The contrast I witness in this city in twenty-four hours is something extraordinary. For example, it’s 9am and the city has life again. It’s Friday so everybody has that ‘Friday feeling’ they all seem to strive to get. I notice a man and woman walking happily together. They are dressed in suits and discussing the business headlines. The man stands out for me. He is dignified sure, but I notice the trickle of the ink of a tiger tattoo running from the back of his neck downwards as they pass. Next comes a young schoolgirl. Her body is weighed down from the weight of her schoolbag. She takes out a cigarette and lights it before checking me for confirmation of the time I provide her with. She is satisfied now but stressed. I constantly see the tension of the youths as they cope with the pressure of exams. I don’t know whether I pity or envy them, as sadly an old clock never gets educated. She stubbed the cigarette into the brick wall and I watched it fall to add to the dust and sweep of the city floor.

The usual morning hours passed with lack of any definite level of busy intensity. Buses came and left again, tourists snapped photographs of the Spire and one even stood beneath me for a photograph.
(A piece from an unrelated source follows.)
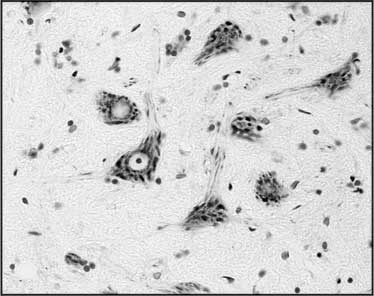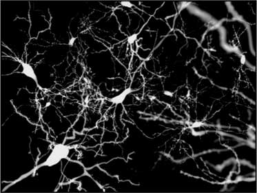 Головной мозг человеческого эмбриона формируется из нескольких мозговых пузырей, которые образуются в результате деления и перемещения нейронов. У нейронов головного мозга обычно один длинный и множество коротких отростков. Если посмотреть на нейроны в микроскоп, мы увидим, что они напоминают скопления звезд (рис. 2 и рис. 3).
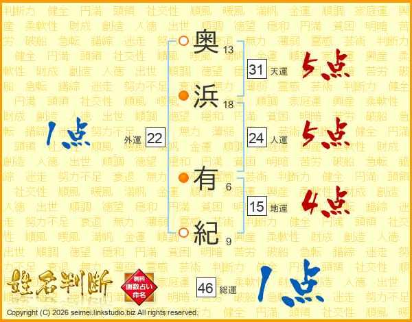 奥(13画)浜(18画) 有(6画)紀(9画)

I noticed the bland and vibrant colours that differed from person to person, styles and fashions clustered together into one city blur. The collection of people really accumulated at about 12:30pm. The midday sun beamed as people surrendered to their bodily needs and swarmed the city in search of nourishment. It really is a time of rush when everyone is hungry. The food differs from the savage ‘BigMac’ to the petite garden salad. The name of the game seems to be to eat your daily catch as quick as possible, while on the move to the next thing on your agenda. One must wonder ‘while there’s a breath of life in our bodies, we are determined to rush to see the sun the other way around?’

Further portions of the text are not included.